The central bank probably will reduce monetary stimulus next month after gains in the economy, according to 65% of economists surveyed by Bloomberg.
Paulson posted gains in all four of his hedge-fund firm’s main strategies in July as his Recovery fund recouped losses incurred in 2011, a person familiar with the matter said on Aug. 6. Last month, gold jumped 7.3%, the most since January 2012, partly on demand for bars and jewelry in Asia. The bear market dragged down Paulson’s Advantage funds and PFR Gold Fund.
Money managers cut their bullish gold bets by 27% to 48,103 futures and options in the week ended Aug. 6, U.S. Commodity Futures Trading Commission data show on Aug. 9. The net-long positions dropped 76% since early October.
David Einhorn’s Greenlight Capital Inc. sold its entire stake of 1.97 million shares in Barrick in the second quarter, a government filing showed yesterday. Jonathan Gasthalter, a spokesman, declined to comment.
Einhorn has said stimulus by central banks will fuel inflation and increase gold’s value.
Gold’s plunge, including two days in April when the price plummeted the most since 1980, roiled livelihoods from the 1 million miners in Ghana who scour in the dirt for the metal to thousands of executives and geologists at mining exploration firms that are running out of cash in Vancouver. Gone are jobs for auditors, bankers and analysts in the finance capitals of Toronto and London.

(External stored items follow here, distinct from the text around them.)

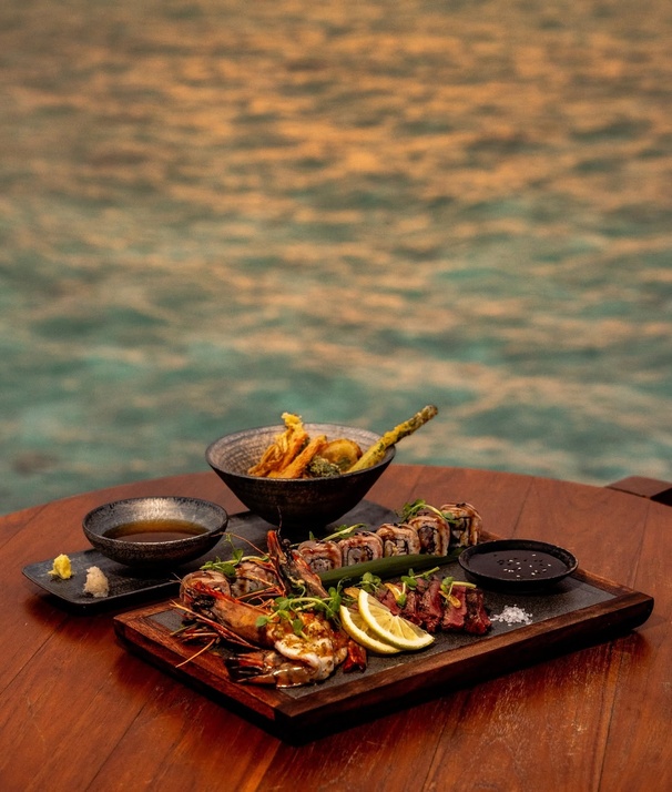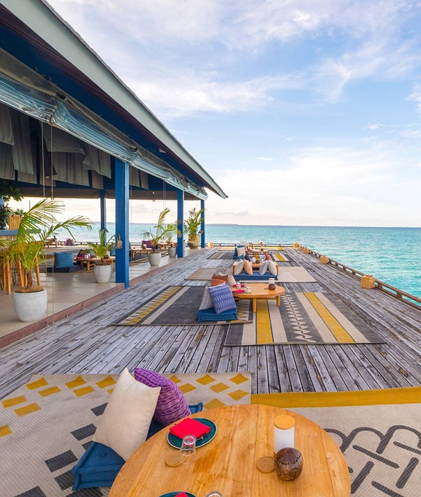 Sink into a pile of cushions and let the world slow down as you embrace the true spirit of island hospitality. Savour fresh, locally caught seafood, coconut milk curries, spiced rice, and regional fruits and veggies. Dine in traditional low-seating style, indoors or on the waterside patio. It is a culinary vibe made for long chats and real Maldivian flavours.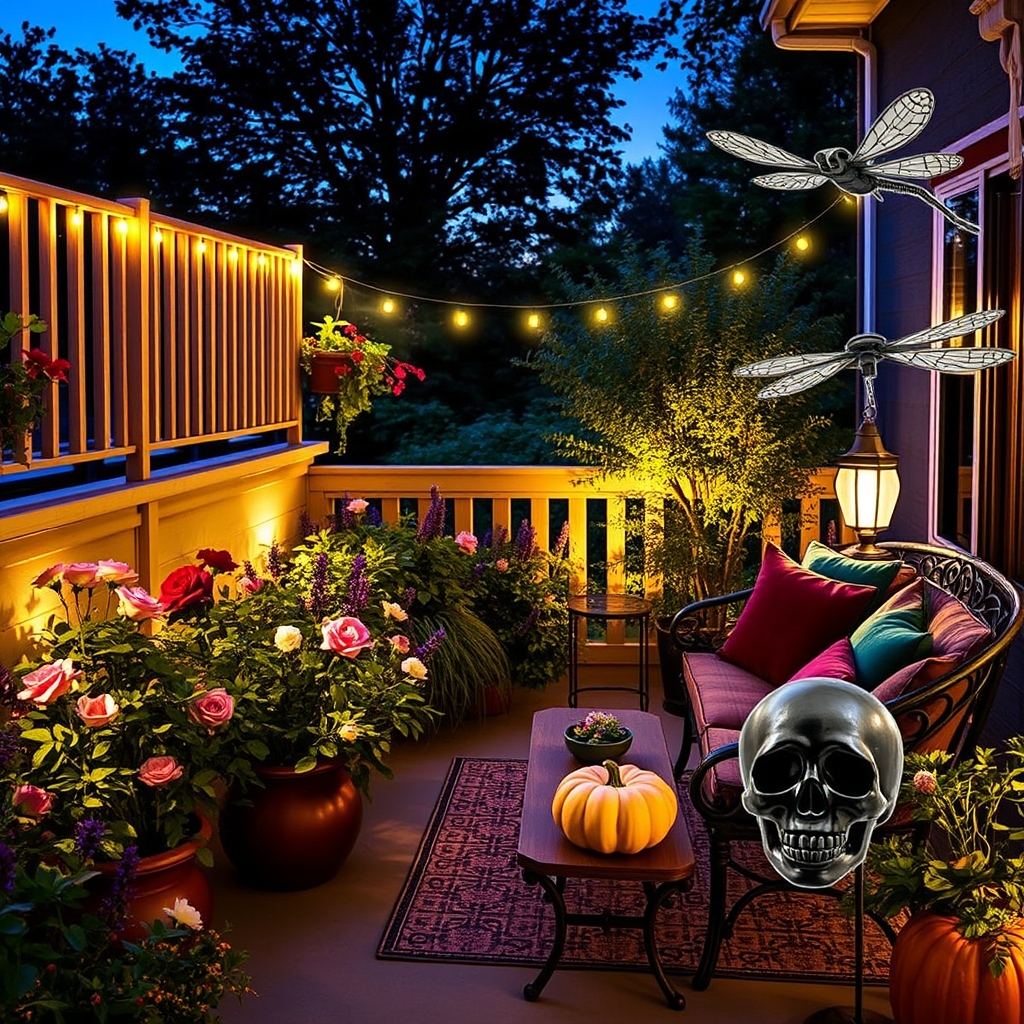 Imagine settling into your garden as twilight deepens, where soft shadows play and a gentle breeze stirs a quiet thrill. Here, subtle spooky accents come to life without shouting Halloween. Picture swaying skull lights nestled in a cozy corner, their slow, mesmerizing motion catching the eye just enough to spark curiosity—a whisper of the season’s magic rather than a ghostly parade.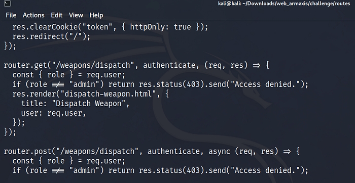 There didn’t seem to be many options initially, but further exploration of the source code revealed another page named /dispatch. but I get denied access when I try to open it because it is only for admin as you can see here:

Some investors who bet big and lost are scaling back retirement plans.
Yesterday, Harmony Gold Mining Co., based in Randfontein, South Africa, suspended its dividend after its quarterly loss almost quadrupled, joining AngloGold Ashanti Ltd. and Sibanye Gold Ltd. in scrapping the payout in the bear market.
“Confidence in gold is rattled over the short term, and we saw rotation of funds out of gold into equities that continue to march higher,” Scott Gardner, who helps manage $400 million at Verdmont Capital SA in Panama City, said in a telephone interview.